Scientists have long sought corn that could fix nitrogen, with the goal of reducing the crop’s high demand for artificial fertilizers, which have monetary, energy and environmental costs. Further research is required to determine if the trait can be bred into commercial cultivars of corn, the world’s most productive cereal crop.

The findings were reported Aug. 7 in the journal PLOS Biology .

Jean-Michel Ane
“It has been a long-term dream to transfer the ability to associate with nitrogen-fixing bacteria from legumes to cereals,” says Jean-Michel Ané, a professor of bacteriology and agronomy at UW–Madison and a co-author of the new study.

Legumes, such as beans, are the only group of crop plants previously known to acquire a significant amount of nitrogen through fixation, which they perform in specialized tissues called root nodules.

Howard-Yana Shapiro, the chief agricultural officer at Mars, a senior fellow in the Department of Plant Sciences at UC Davis and a co-author of the report, identified the indigenous varieties of corn in a search for cultivars that might be able to host nitrogen-fixing bacteria.

The corn is grown in the Sierra Mixe region of Oaxaca in southern Mexico, part of the region where corn was first domesticated by Native Americans thousands of years ago. Farmers in the area grow the corn in nitrogen-depleted soils using traditional practices with little or no fertilizer, conditions that have selected for a novel ability to acquire nitrogen. The biological materials for this investigation were accessed and utilized under an Access and Benefit Sharing Agreement with the Sierra Mixe community and with the permission of the Mexican government.

The corn is striking. Most corn varieties grow to about 12 feet and have just one or two groups of aerial roots that support the plant near its base. But the nitrogen-fixing varieties stand over 16 feet tall and develop up to eight or 10 sets of thick aerial roots that never reach the ground.

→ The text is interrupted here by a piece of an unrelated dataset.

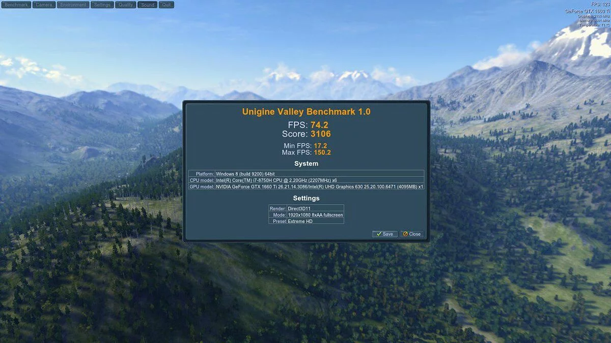 GL73 8SDK показывает неплохой результат, обгоняя многие игровые ноутбуки. Новая графика от Nvidia обеспечивает отрыв в 44% в Fire Strike Extreme и 51% в Time Spy. В Unigine Valley ноутбук выдает 74 кадра в секунду. А вот Superposition Benchmark оказался тяжелым испытанием.
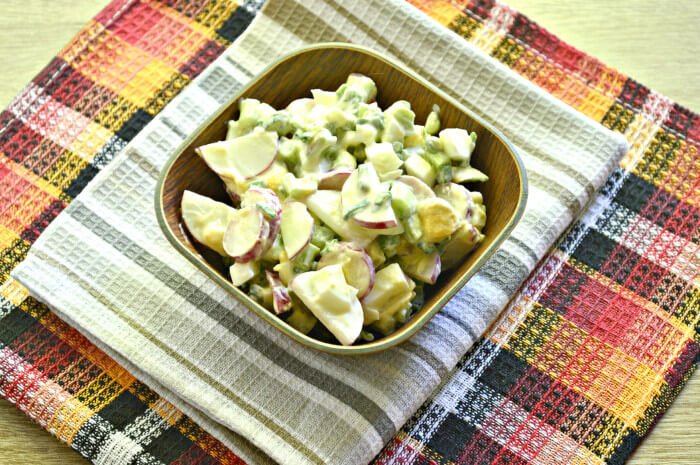 9.Простой, но оригинальный на вкус овощной салат из ревеня с редисом готов. Переложите его из миски в салатник или порционные тарелки и сразу подавайте к столу. Настаивание не желательно, так как редис под действием соли истечет соком и сделает сметанную заправку жидкой с потерей вкуса и внешнего вида.

Under the right conditions, these roots secrete large amounts of sugar-rich gel, providing the energy and oxygen-free conditions needed for nitrogen-fixing bacteria to thrive.

Establishing that plants are incorporating nitrogen from the air is technically challenging.

“It took us eight years of work to convince ourselves that this was not an artifact,” says Ané, whose lab specializes in studying and quantifying nitrogen fixation. “Technique after technique, they’re all giving the same result showing high levels of nitrogen fixation in this corn.”

The group used five different techniques across experiments in Mexico and Madison to confirm that the Sierra Mixe corn’s gel was indeed fixing nitrogen from the air and that the plant could incorporate this nitrogen into its tissues.

“What I think is cool about this project is it completely turns upside down the way we think about engineering nitrogen fixation,” says Ané.

The gel secreted by the corn’s aerial roots appears to work primarily by excluding oxygen and providing sugars to the right bacteria, sidestepping complex biological interactions. The research team was even able to simulate the natural gel’s effects with a similar gel created in the lab and seeded with bacteria. The simplicity of the system provides inspiration to researchers looking to identify or create more crop plants with this trait.

Breeding the trait into commercial cultivars of corn could reduce the need for artificial nitrogen fertilizers, which have a host of disadvantages. More than 1 percent of the world’s total energy production goes toward producing nitrogen fertilizer. Developed countries contend with waterways polluted by leaching nitrogen, while adequate fertilizer is often inaccessible or too expensive for farmers in developing countries. Corn that fixes some of its own nitrogen could mitigate these issues, but more research will be required.

“Engineering corn to fix nitrogen and form root nodules like legumes has been a dream and struggle of scientists for decades,” says Ané. “It turns out that this corn developed a totally different way to solve this nitrogen fixation problem. The scientific community probably underestimated nitrogen fixation in other crops because of its obsession with root nodules.”

“This corn showed us that nature can find solutions to some problems far beyond what scientists could ever imagine,” Ané says.